Wiele zwierząt zasługuje na miano społecznych (żyją w grupach lub stadach) ale niewiele z nich osiągnęło kolejny poziom i stało się ultraspołeczne – żyją w bardzo dużych grupach mających określoną strukturę wewnętrzną, co pozwala im czerpać korzyści z podziału pracy. Przykładem struktur ultraspołecznych są roje pszczele oraz gniazda mrówek. Mamy w ich obrębie kasty żołnierzy, zwiadowców i opiekunek.

Bycie gatunkiem ultraspołecznym wydaje się bardzo adaptacyjne. Chociaż owady żyjące w koloniach stanowią zaledwie 2% wszystkich gatunków owadów, w krótkim czasie zajęły najlepsze miejsca do żerowania i rozmnażania się, wypchnęły swoich konkurentów na gorsze tereny i zmieniły większość ekosystemów lądowych na Ziemi (na przykład poprzez umożliwienie ewolucji roślin kwitnących, które muszą być zapylane). Biorąc pod uwagę łączną masę, dzisiaj stanowią one większość wszystkich owadów na Ziemi!

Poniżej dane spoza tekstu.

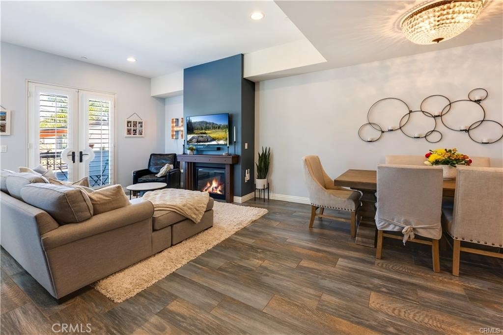 Treat yourself to the urban lifestyle you've always wanted in this 3-bedroom, 3-bath Studio City townhome-style condo residence on a beautiful, tree-lined street! Enter into this stunning modern end unit with a sun-soaked interior, where shuttered windows, lofty ceilings, and gorgeous wide-plank flooring create a lively atmosphere. A stately fireplace draws you to the living area, while an elegant flush-mount lighting fixture sets the mood in the adjacent dining corner. Try out signature dishes in the modern kitchen sporting sleek stainless-steel appliances, handsome cabinetry, a chic backsplash, and gleaming countertops. Plush carpeting enhances the comfort of the well-sized bedrooms, the grandest of which is the primary suite, which showcases vaulted ceilings, a Juliet balcony, and a luxurious ensuite with a frameless shower and soaking tub. Second floor French doors open to an exclusive balcony where you can unwind in seclusion. Additionally, there's a versatile main-level bonus room, an office, and an attached 2-car garage. The Studio City Farmers Market, Tujunga Village, the Sportsmen's Lodge Shopping Center, Colfax Elementary School, and restaurants are all easily accessible.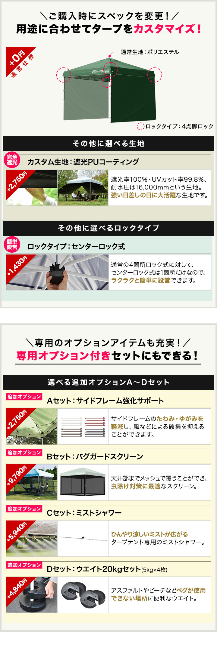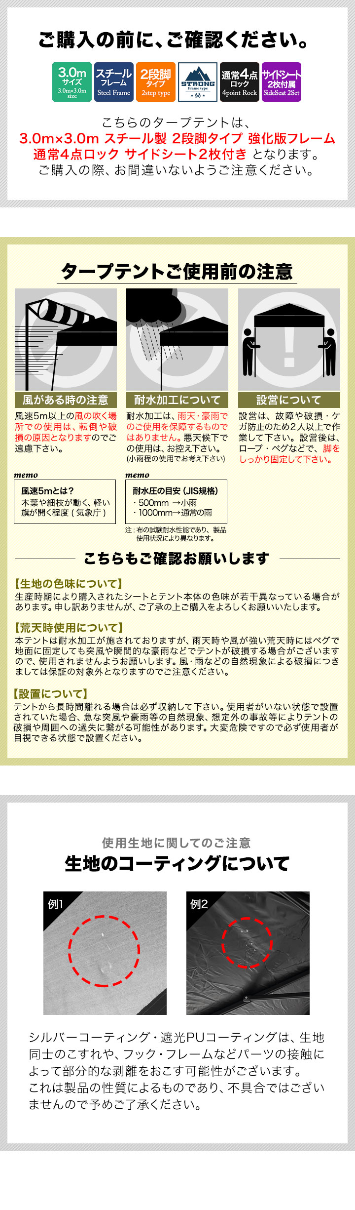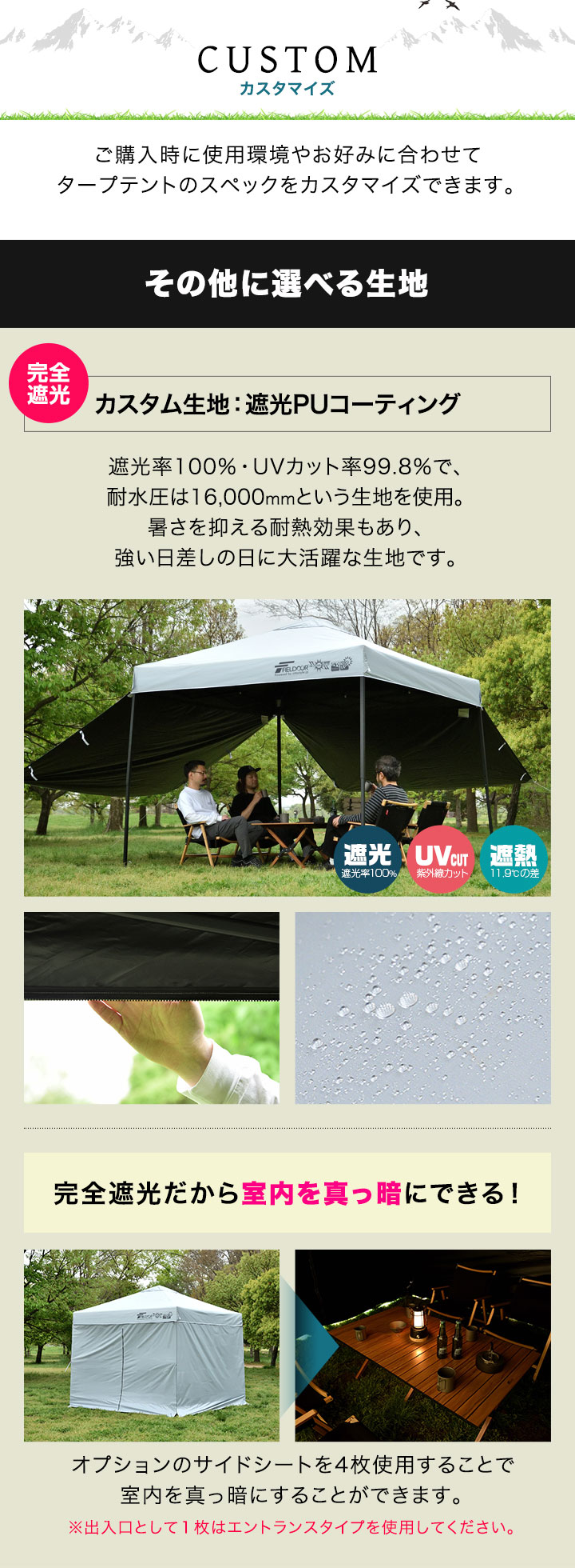 | 付属品: ・専用サイドシート(2枚) ・ロープ ・ペグ ・収納バッグ ・取扱説明書 |

To właśnie podział zadań i specjalizacja jednostek jest uważany za jedną z ważniejszych przyczyn sukcesu ludzkości, która obecnie totalnie zdominowała całą planetę i zepchnęła inne ssaki na margines.

Rozwijajmy się z głową

Jeśli stawiasz przez ludźmi żądanie, by zmienili swój charakter o 180 stopni, narzucasz ekstremalny poziom trudności. Większość będzie takimi ponaglaniami zmęczona lub poirytowana i szybko się podda. Znacznie mądrzej zastanowić się, jak wykorzystać wbudowane predyspozycje. Jakiś czas temu pewna osoba opowiadała mi, że jeden z seryjnych morderców od dziecka bardzo lubił rozkrajać ciała. Był zafascynowany wnętrznościami. Od razu pomyślałem, że gdyby jego życie potoczyło się inaczej, mógłby zostać wybitnym chirurgiem. Ludziom jednak łatwiej skwitować, że "to chore".